* _Exercise prompt_:
Could you repeat the listing exactly, leaving out the pictures?

* _Recorded information_:

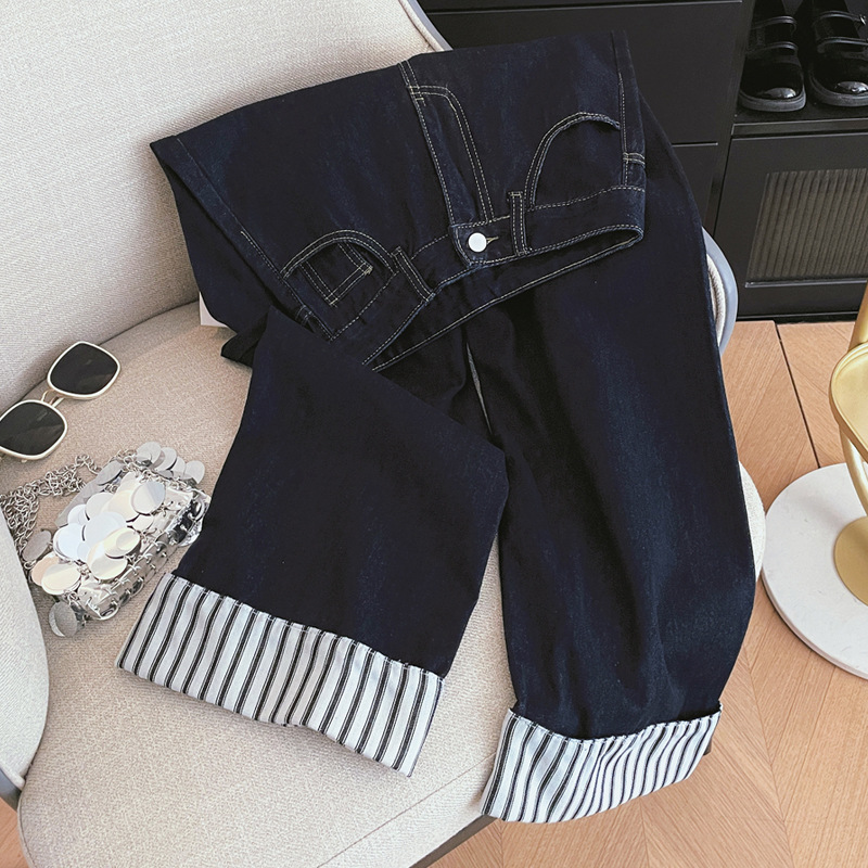 韩系条纹拼接翻边卷边牛仔裤女夏季高腰显瘦宽松直筒阔腿九分裤子
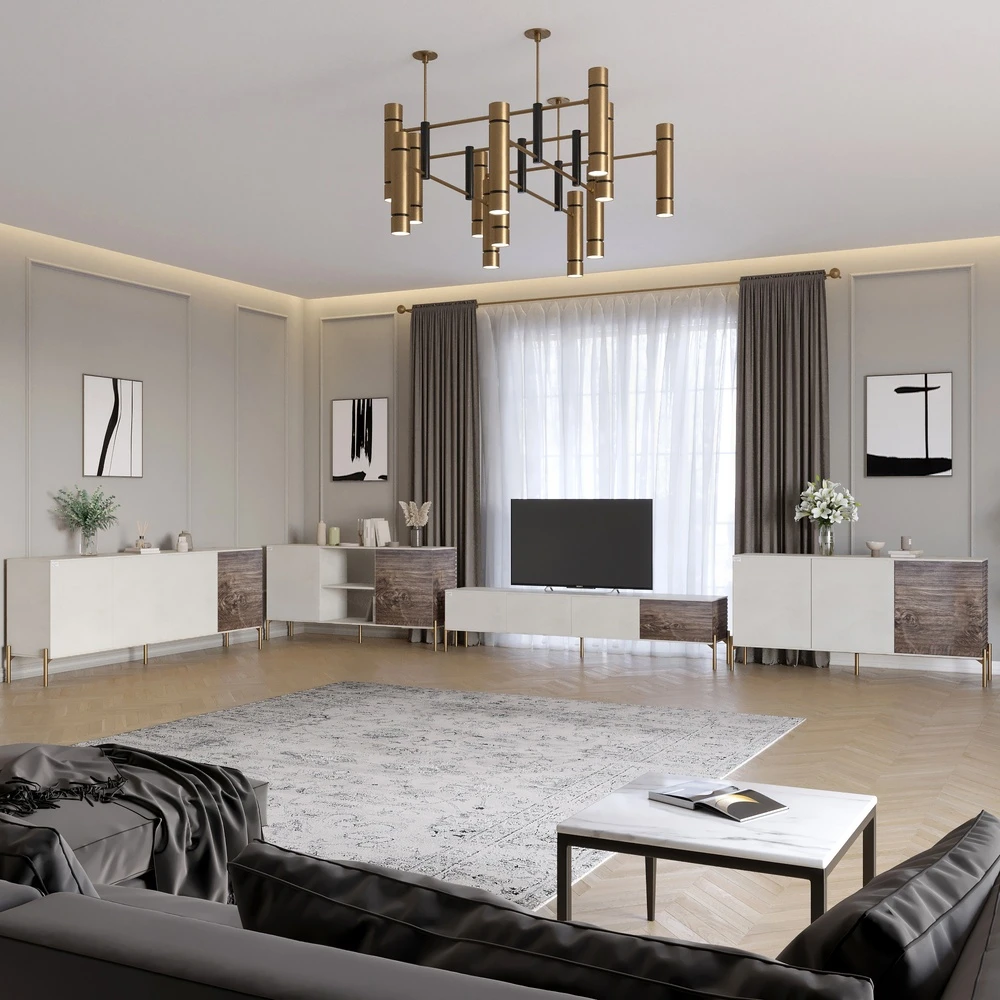 Комплект мебели для гостиной LION Грей – это идеальное сочетание современного дизайна и функциональности. Благодаря модульной структуре, вы можете легко комбинировать элементы по своему вкусу, адаптируя мебель к любому пространству. Металлические ножки не только придают стойкости, но и придают изделию легкость, а рельефные детали на фасаде привносят оригинальность в ваш интерьер. Этот комплект станет стильным акцентом в любом интерьере, от минимализма до лофта.
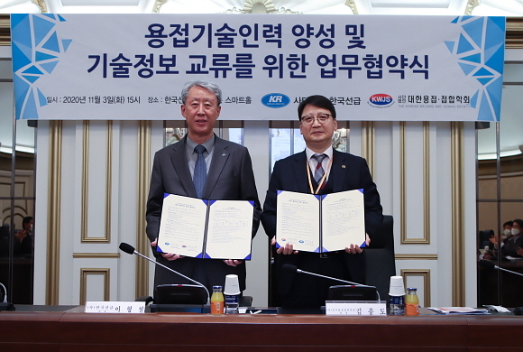 한국선급이 대한용접·접합학회와 최근 한국선급 본사에서 ‘용접 기술인력 양성과 기술 정보 교류를 위한 협약’을 체결했다고 9일 밝혔다.
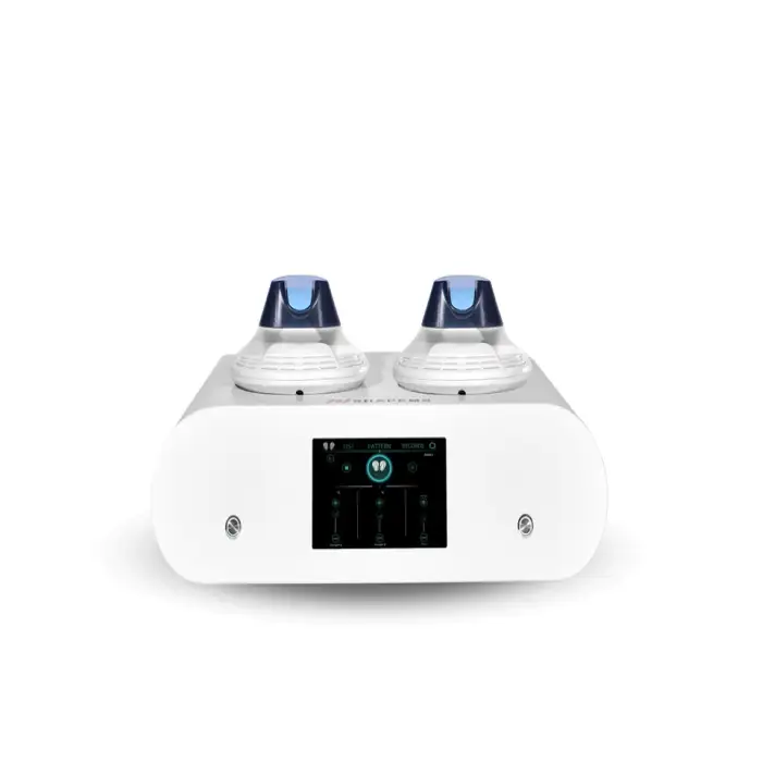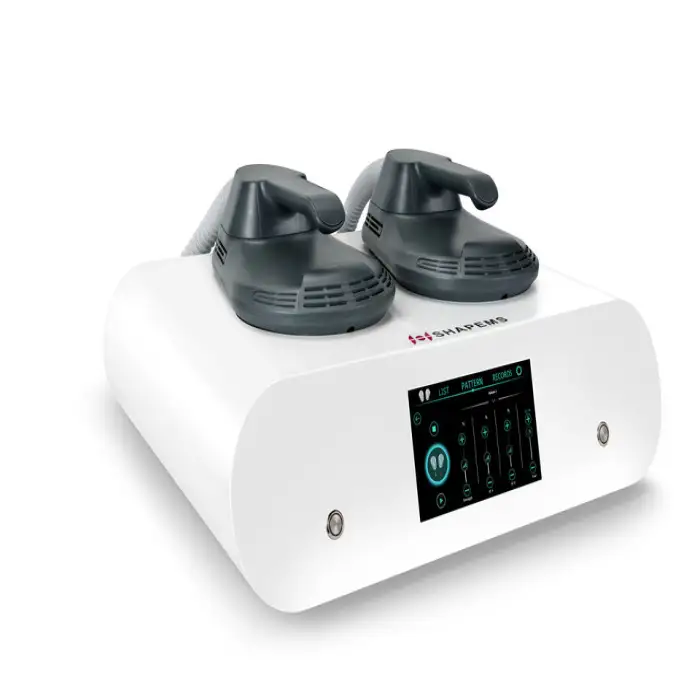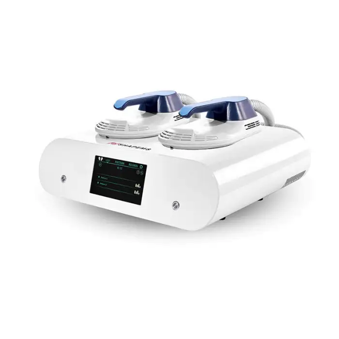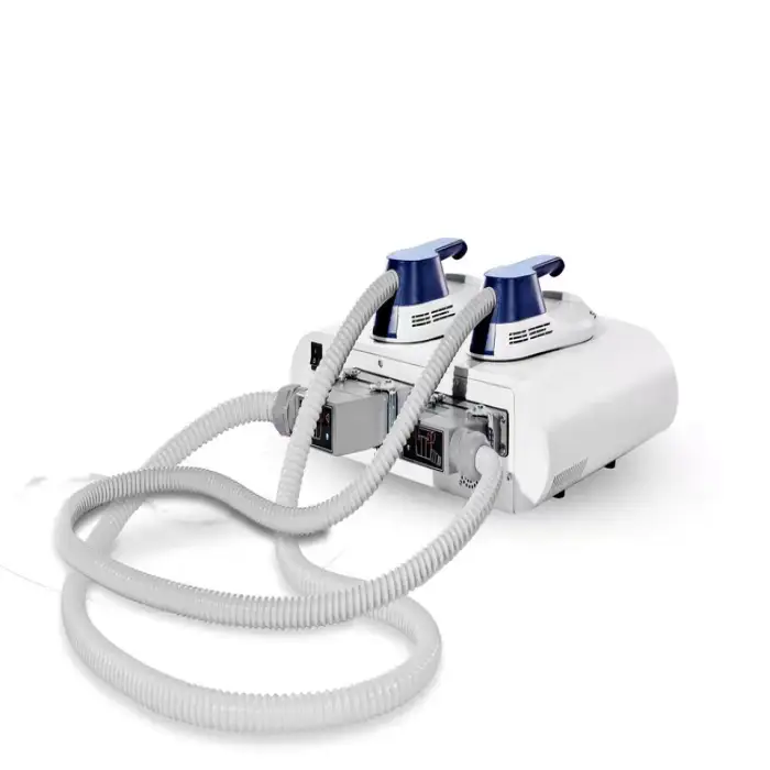 The Portable Ems RF Sculpting Machine includes two handles, allowing for versatile application to different areas of the body.

* _Output below_:
 韩系条纹拼接翻边卷边牛仔裤女夏季高腰显瘦宽松直筒阔腿九分裤子
 Комплект мебели для гостиной LION Грей – это идеальное сочетание современного дизайна и функциональности. Благодаря модульной структуре, вы можете легко комбинировать элементы по своему вкусу, адаптируя мебель к любому пространству. Металлические ножки не только придают стойкости, но и придают изделию легкость, а рельефные детали на фасаде привносят оригинальность в ваш интерьер. Этот комплект станет стильным акцентом в любом интерьере, от минимализма до лофта.
 한국선급이 대한용접·접합학회와 최근 한국선급 본사에서 ‘용접 기술인력 양성과 기술 정보 교류를 위한 협약’을 체결했다고 9일 밝혔다.
 The Portable Ems RF Sculpting Machine includes two handles, allowing for versatile application to different areas of the body.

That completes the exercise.